● Provided material:
--- --- ---

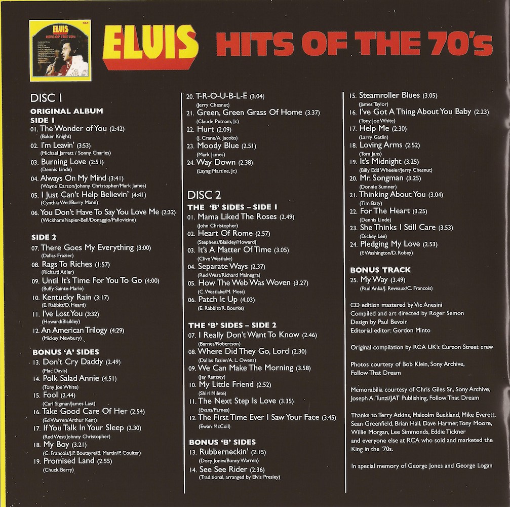 The live version of 'My Way' (CD2, track 25) used here is not the same live version of the song used on the original November 1977 single, which was recorded on June 21 1977. The version used here is from April 25 1977.
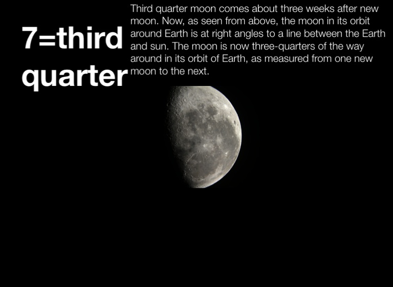 Third quarter moon comes about three weeks after new moon. Now, as seen from above, the moon in its orbit around Earth is at right angles to a line between the Earth and sun. The moon is now three-quarters of the way around in its orbit of Earth, as measured from one new moon to the next.
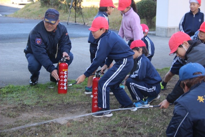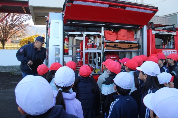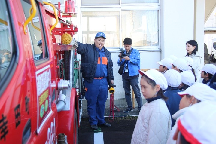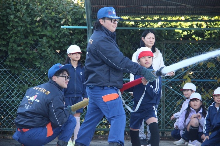 3年生の消防団体験教室では、団員の方から消防団の役割についての説明を聞いたり、消防車や機材の見学をしたりしました。また、放水体験や水消火器体験もしました。説明を聞いたり、見学したり、体験したりする中で、消防団の方たちがみんなの安心・安全な生活のために、どのような工夫や努力をしているのかを学びました。
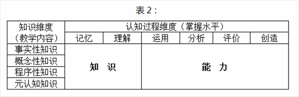 任何學科的學習我們都可以分為兩個維度:一是縱向的知識維度,即教學內容,分為事實性知識、概念性知識、程序性知識、元認知知識;二是橫向的認知維度,即掌握水平,按照從低到高分為記憶、理解、運用、分析、評價、創造六個層面。在此分類系統中,不存在“能力”的概念,如果掌握水平能夠達到“運用”及以上水平,那么這種學習結果就界定為“能力”或“技能”,如下圖所示:

--- --- ---

● What the task asks: Repeat the listing exactly; do not print any picture.

● Written solution:
 The live version of 'My Way' (CD2, track 25) used here is not the same live version of the song used on the original November 1977 single, which was recorded on June 21 1977. The version used here is from April 25 1977.
 Third quarter moon comes about three weeks after new moon. Now, as seen from above, the moon in its orbit around Earth is at right angles to a line between the Earth and sun. The moon is now three-quarters of the way around in its orbit of Earth, as measured from one new moon to the next.
 3年生の消防団体験教室では、団員の方から消防団の役割についての説明を聞いたり、消防車や機材の見学をしたりしました。また、放水体験や水消火器体験もしました。説明を聞いたり、見学したり、体験したりする中で、消防団の方たちがみんなの安心・安全な生活のために、どのような工夫や努力をしているのかを学びました。
 任何學科的學習我們都可以分為兩個維度:一是縱向的知識維度,即教學內容,分為事實性知識、概念性知識、程序性知識、元認知知識;二是橫向的認知維度,即掌握水平,按照從低到高分為記憶、理解、運用、分析、評價、創造六個層面。在此分類系統中,不存在“能力”的概念,如果掌握水平能夠達到“運用”及以上水平,那么這種學習結果就界定為“能力”或“技能”,如下圖所示:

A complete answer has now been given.